= The task =
Could the data below please be reproduced word for word, without the pictures?

= Material provided =
===
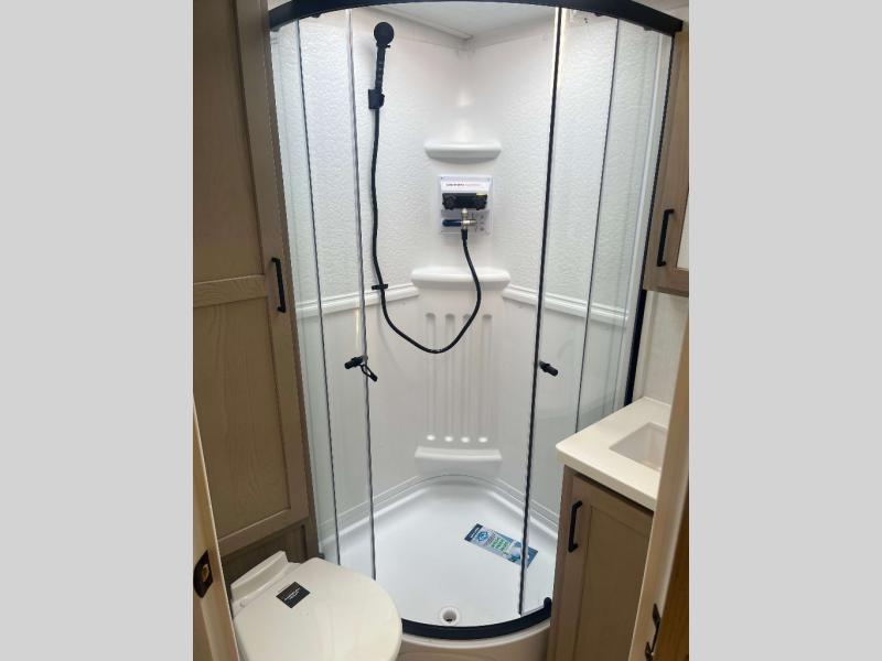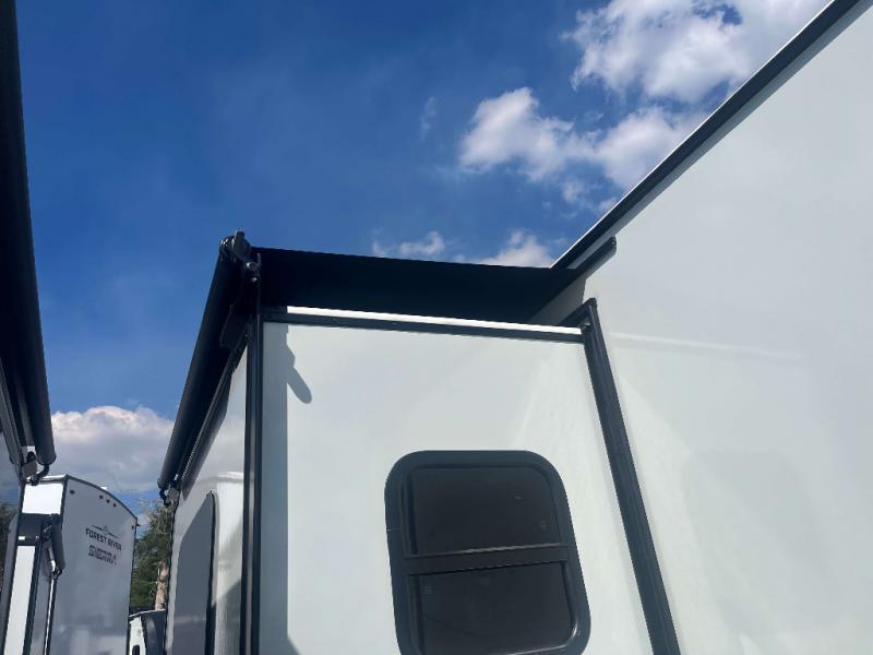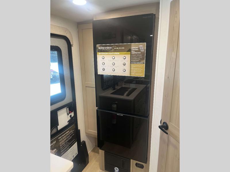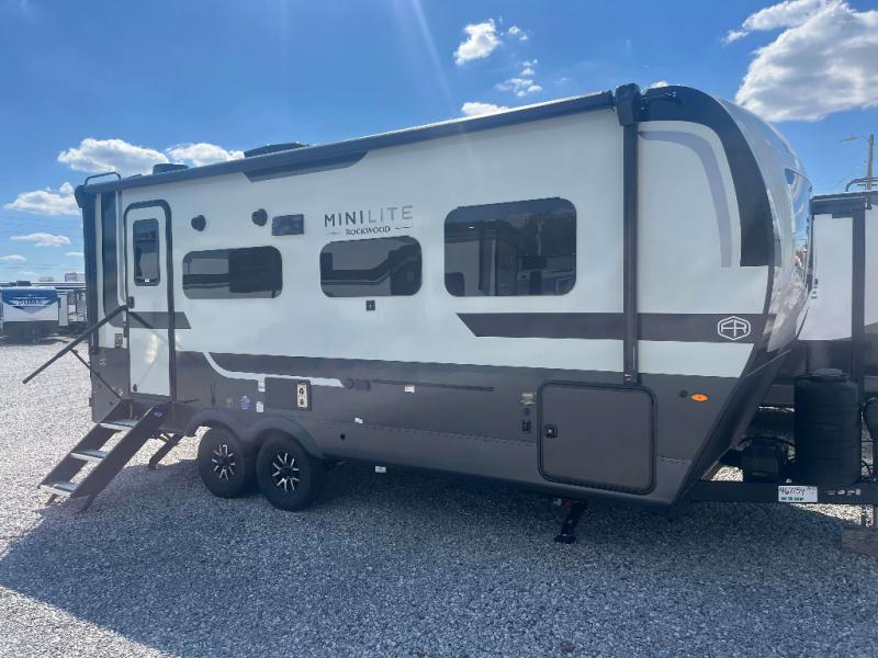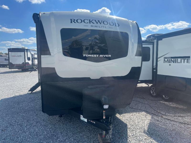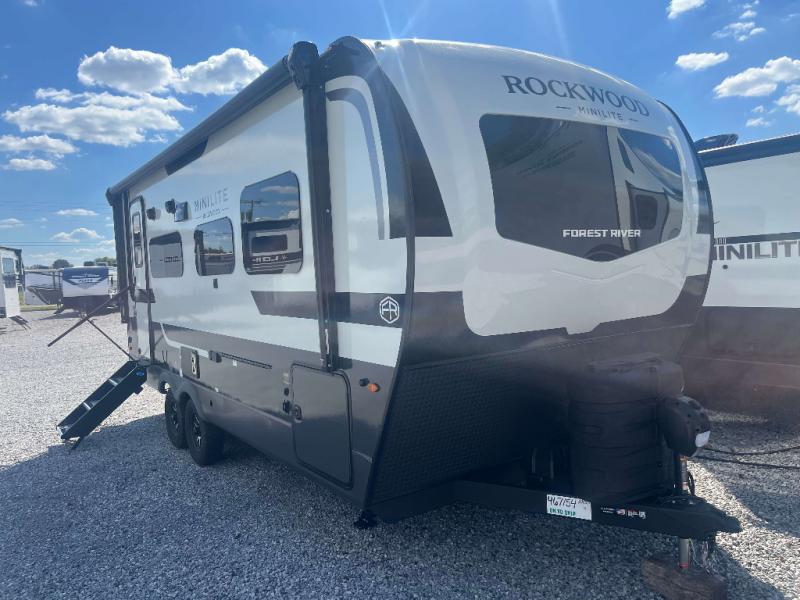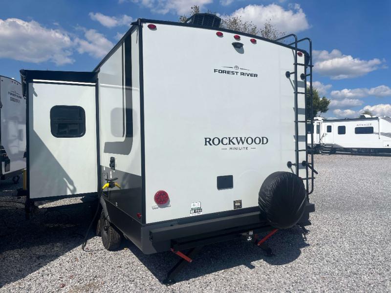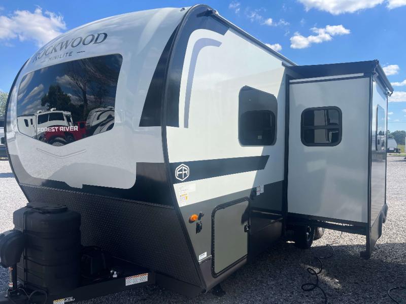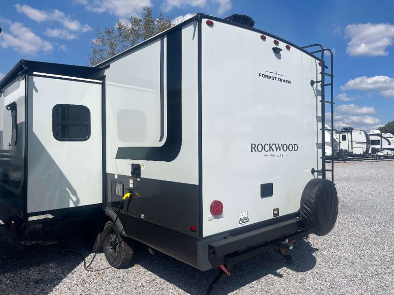 Each Rockwood Mini Lite travel trailer by Forest River is constructed with a fully laminated one-piece walkable roof, sleek frameless windows, and a six-sided full aluminum frame for strength and durability. The 12V thermostatically controlled heated tanks, plus radiant foil in the underbelly will allow you to camp well into the colder months, and the 200W roof solar panel will be perfect for a little off-gridding. Each model includes solid surface kitchen countertops, hidden hinge cabinet doors, roller shades, plus many more interior features. Having an AIR 360+ omnidirectional antenna with WiFi prep on board gives you the option to get some work done if it's needed, and the power tongue jack provides hassle-free set up, so you can enjoy more time relaxing!
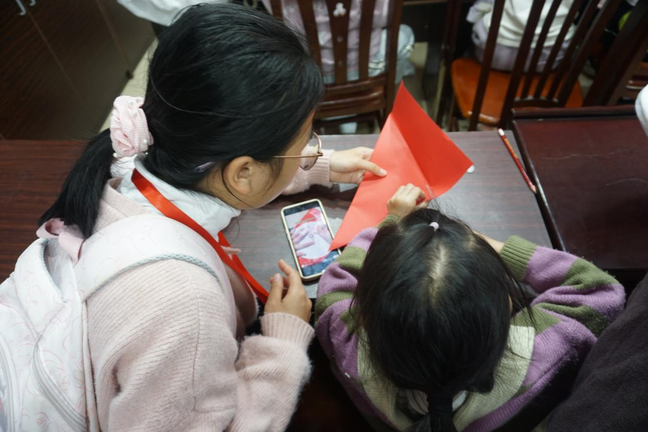 (志愿者协助小朋友制作手工作品)
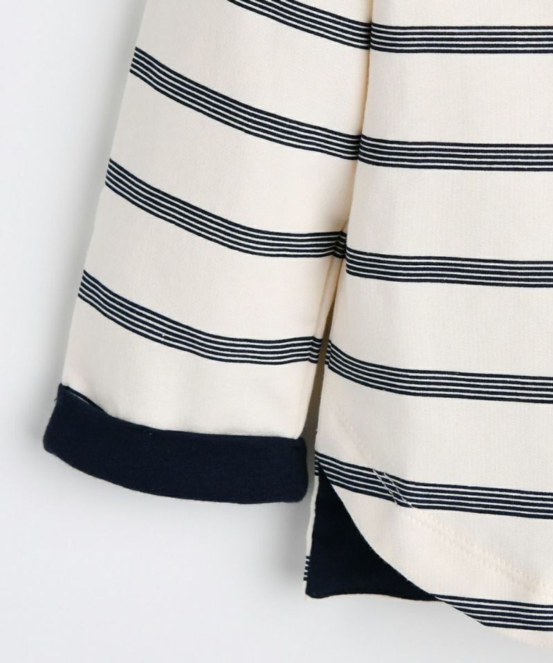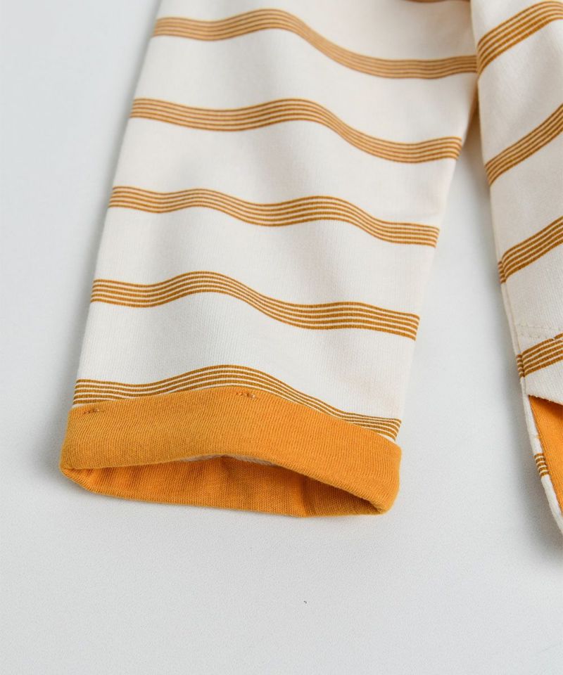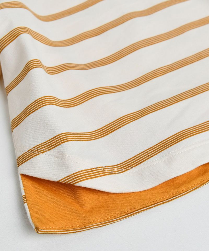 ボーダーTシャツとバギーパンツがセットになっているアイテム。デイリーからお出かけまで幅広いシーンで着用いただけます。
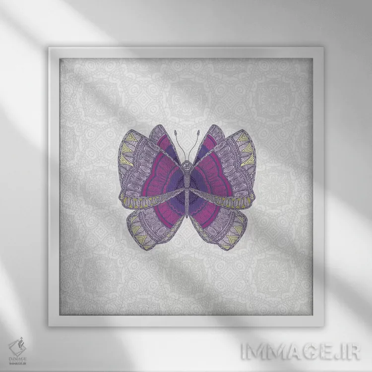 تابلو پروانهٔ بنفش کبود اثر آنجلیکا پارکر - نمای قاب‌دار سفید
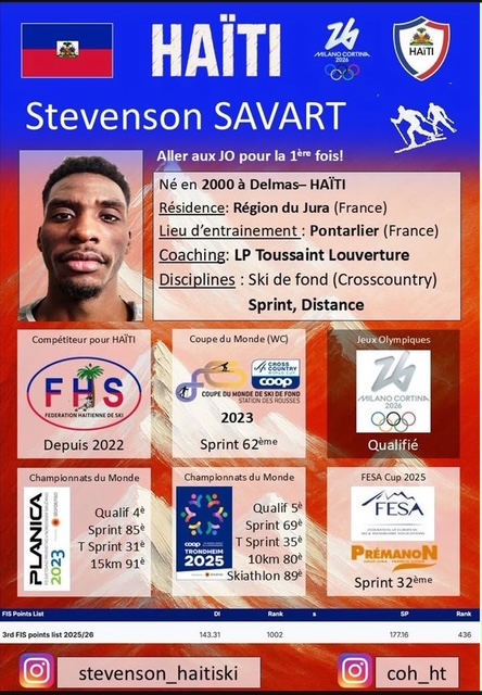 Pour Stevenson Savart, né en 2000 à Delmas et résidant dans le Jura français, Milano Cortina 2026 marquera une première participation olympique. Fondeur spécialisé dans le sprint et la distance, il s’entraîne à Pontarlier au sein du LP Toussaint Louverture. Sur les circuits internationaux, ses résultats témoignent de ses progrès : 62ᵉ du sprint en Coupe du monde 2023, participations aux Mondiaux de Planica la même année (85ᵉ en sprint, 91ᵉ sur le 15 km), plusieurs épreuves en FESA Cup 2025 où il obtient notamment des qualifications en 4ᵉ et 5ᵉ position, ainsi qu’un 32ᵉ rang en sprint à Prémanon. Engagé dans l’équipe haïtienne depuis 2022, il étend la présence du pays dans une discipline exigeante sur le plan technique et physique.
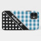 Moderne rencontre le Coque iPhone 5 d'inspiration champêtre conçu avec un motif bleu & blanc en vichy sur le dessus, un motif pois noir & blanc sur le fond, et personnalisé avec votre nom ou texte personnalisé en blanc sur une bande noire diagonale.
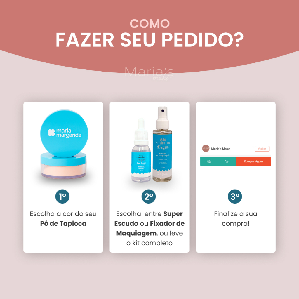 Monte o Kit | Pó de Tapioca + Fixador de Maquiagem ou Super Escudo Maria Margarida Spray para Pele Blindada Hidratante
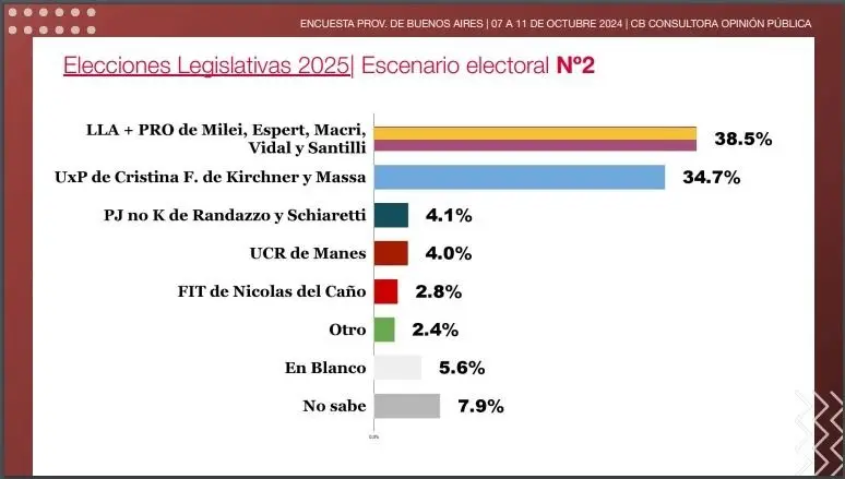 Como sea, los cuatro puntos que no capitaliza LLA+ PRO se los quedan entre el peronismo federal y el radicalismo, los indecisos y la opción «otros».
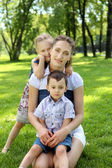 Piękne dzieci i mama w parku, kwiat i obecnie. Mothe
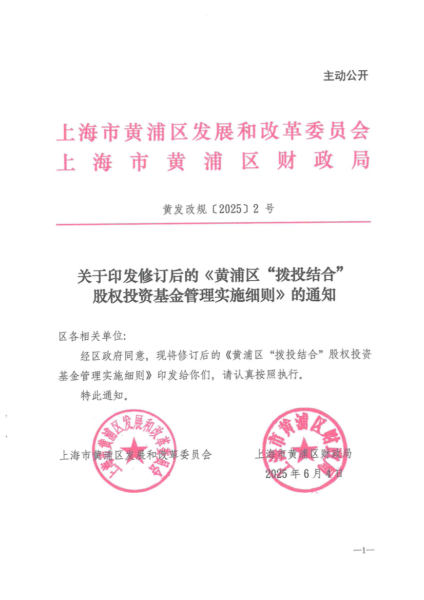 关于印发修订后的《黄浦区“拨投结合”股权投资基金管理实施细则》的通知
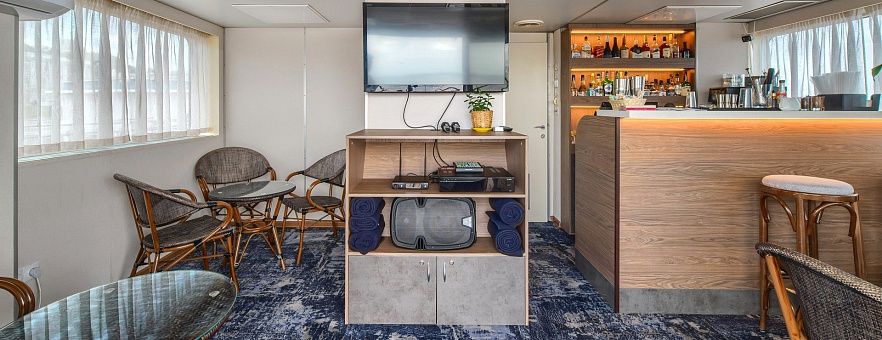 На борту наших теплоходов мы создали все условия для комфортного отдыха и приятного путешествия. На всех теплоходах есть медицинский кабинет, где вы можете получить квалифицированную помощь, стойка регистрации, куда вы можете обратиться по любым возникающим вопросам, сувенирный киоск, где вы можете приобрести памятные сувениры. Гладильная комната поможет привести в порядок свою одежду перед выходом на экскурсию.
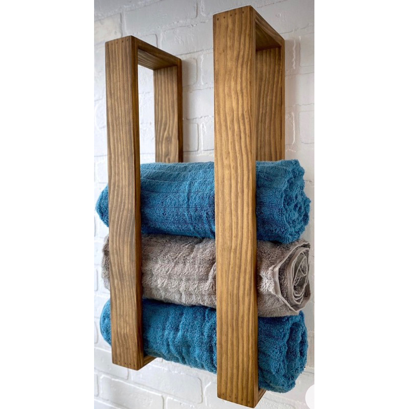 Suporte porta toalhas Observações: - A madeira pode conter pequenas imperfeições naturais ou pequenos nós; - Madeira Ecológica, de florestas sustentáveis. - As dimensões podem ter variações de até 5% para mais ou para menos. 0,50 cm de altura 0,17 cm de largura 0,5 de comprimento ### Não acompanha parafusos e buchas ###
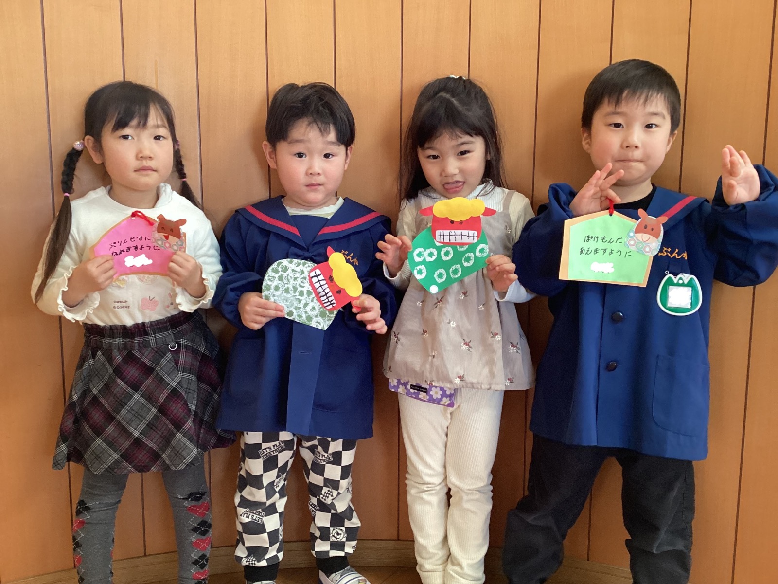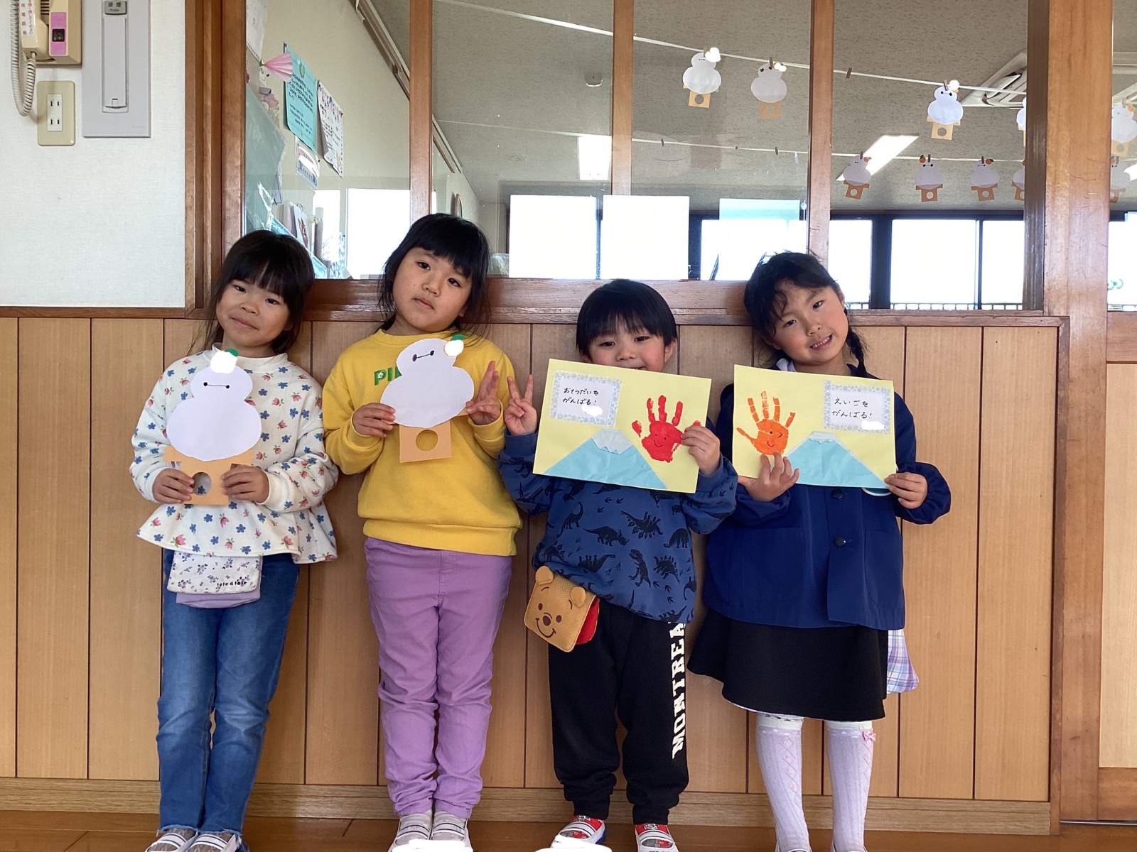 年中組の1月クラス製作を紹介します。はと『うまだるまの福笑い』かもめ『富士山と日の出』つばめ『ししまいと絵馬』お正月について興味津々なお友だち!!1月らしい、素敵な作品ができましたね♪
===
= Result for this exercise =
 Each Rockwood Mini Lite travel trailer by Forest River is constructed with a fully laminated one-piece walkable roof, sleek frameless windows, and a six-sided full aluminum frame for strength and durability. The 12V thermostatically controlled heated tanks, plus radiant foil in the underbelly will allow you to camp well into the colder months, and the 200W roof solar panel will be perfect for a little off-gridding. Each model includes solid surface kitchen countertops, hidden hinge cabinet doors, roller shades, plus many more interior features. Having an AIR 360+ omnidirectional antenna with WiFi prep on board gives you the option to get some work done if it's needed, and the power tongue jack provides hassle-free set up, so you can enjoy more time relaxing!
 (志愿者协助小朋友制作手工作品)
 ボーダーTシャツとバギーパンツがセットになっているアイテム。デイリーからお出かけまで幅広いシーンで着用いただけます。
 تابلو پروانهٔ بنفش کبود اثر آنجلیکا پارکر - نمای قاب‌دار سفید
 Pour Stevenson Savart, né en 2000 à Delmas et résidant dans le Jura français, Milano Cortina 2026 marquera une première participation olympique. Fondeur spécialisé dans le sprint et la distance, il s’entraîne à Pontarlier au sein du LP Toussaint Louverture. Sur les circuits internationaux, ses résultats témoignent de ses progrès : 62ᵉ du sprint en Coupe du monde 2023, participations aux Mondiaux de Planica la même année (85ᵉ en sprint, 91ᵉ sur le 15 km), plusieurs épreuves en FESA Cup 2025 où il obtient notamment des qualifications en 4ᵉ et 5ᵉ position, ainsi qu’un 32ᵉ rang en sprint à Prémanon. Engagé dans l’équipe haïtienne depuis 2022, il étend la présence du pays dans une discipline exigeante sur le plan technique et physique.
 Moderne rencontre le Coque iPhone 5 d'inspiration champêtre conçu avec un motif bleu & blanc en vichy sur le dessus, un motif pois noir & blanc sur le fond, et personnalisé avec votre nom ou texte personnalisé en blanc sur une bande noire diagonale.
 Monte o Kit | Pó de Tapioca + Fixador de Maquiagem ou Super Escudo Maria Margarida Spray para Pele Blindada Hidratante
 Como sea, los cuatro puntos que no capitaliza LLA+ PRO se los quedan entre el peronismo federal y el radicalismo, los indecisos y la opción «otros».
 Piękne dzieci i mama w parku, kwiat i obecnie. Mothe
 关于印发修订后的《黄浦区“拨投结合”股权投资基金管理实施细则》的通知
 На борту наших теплоходов мы создали все условия для комфортного отдыха и приятного путешествия. На всех теплоходах есть медицинский кабинет, где вы можете получить квалифицированную помощь, стойка регистрации, куда вы можете обратиться по любым возникающим вопросам, сувенирный киоск, где вы можете приобрести памятные сувениры. Гладильная комната поможет привести в порядок свою одежду перед выходом на экскурсию.
 Suporte porta toalhas Observações: - A madeira pode conter pequenas imperfeições naturais ou pequenos nós; - Madeira Ecológica, de florestas sustentáveis. - As dimensões podem ter variações de até 5% para mais ou para menos. 0,50 cm de altura 0,17 cm de largura 0,5 de comprimento ### Não acompanha parafusos e buchas ###
 年中組の1月クラス製作を紹介します。はと『うまだるまの福笑い』かもめ『富士山と日の出』つばめ『ししまいと絵馬』お正月について興味津々なお友だち!!1月らしい、素敵な作品ができましたね♪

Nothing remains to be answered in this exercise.